There is nothing more evident, says Mr. Locke, than “that creatures of the same species and rank
promiscuously born to all the same advantages of nature, and the use of the same faculties, should also be equal one among another, without subordination and subjection, unless the master of them all should by any manifest declaration of his will set one above another, and confer on him by an evident and clear appointment, an undoubted right to dominion and sovereignty.” “The natural liberty of man is to be free from any superior power on earth, and not to be under the will or legislative authority of man, but only to have the law of nature for his rule.” This is the liberty of independent states; this is the liberty of every man out of society, and who has a mind to live so; which liberty is only abridged in certain instances, not lost to those who are born in or voluntarily enter into society; this gift of God cannot be annihilated.
The Colonists being men, have a right to be considered as equally entitled to all the rights of nature with the Europeans, and they are not to be restrained, in the exercise of any of these rights, but for the evident good of the whole community.
By being or becoming members of society, they have not renounced their natural liberty in any greater degree than other good citizens, and if tis taken from them without their consent, they are so far enslaved.
They have an undoubted right to expect, that their best good will ever be consulted by their rulers, supreme and subordinate, without any partial views confined to the particular interest of one island or another. Neither the riches of Jamaica, nor the luxury of a metropolis, should ever have weight enough to break the balance of truth and justice. Truth and faith belong to men as men, from men, and if they are disappointed in their just expectations of them in one society, they will at least wish for them in another. If the love of truth and justice, the only spring of sound policy in any state, is not strong enough to prevent certain causes from taking place, the arts of fraud and force will not prevent the most fatal effects.

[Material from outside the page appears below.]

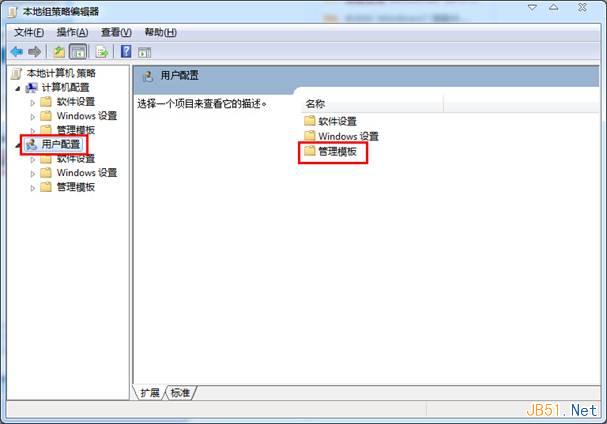 2. 打开本地组策略编辑器后,在左边列表中鼠标单击“用户配置”,然后双击右边栏目的“管理模板”;如下图所示:

In the long run, those who fall on arbitrary measures, will meet with their deserved fate. The law of nature, was not of man’s making, nor is it in his power to mend it, or alter its course. He can only perform and keep, or disobey and break it. The last is never done with impunity, even in this life, if it is any punishment for a man to feel himself depraved; to find himself degraded by his own folly and wickedness from the rank of a virtuous and good man, to that of a brute; or to be transformed from the friend, perhaps father of his country, to a devouring Lion or Tyger.
The unhappy revolutions which for ages have distressed the human race, have been all owing to the want of a little wisdom common sense and integrity in the administration of those, whom by their stations, God had in kindness to the world, rendered able to do a great deal, for the benefit of mankind with the exertion of a small portion of private and public vertue.
Of the Political and Civil Rights of the British Colonists
Here indeed opens to view a large field; but I must study brevity—Few people have extended their enquiries after the foundation of any of their rights, beyond a charter from the crown. There are others who think when they have got back to old Magna Charta, that they are at the beginning of all things. They imagine themselves on the borders of Chaos (and so indeed in some respects they are) and see creation rising out of the unformed mass, or from nothing. Hence, say they, spring all the rights of men and of citizens. . . . But liberty was better understood, and more fully enjoyed by our ancestors, before the coming in of the first Norman Tyrants than ever after, ‘till it was found necessary, for the salvation of the kingdom, to combat the arbitrary and wicked proceedings of the Stuarts.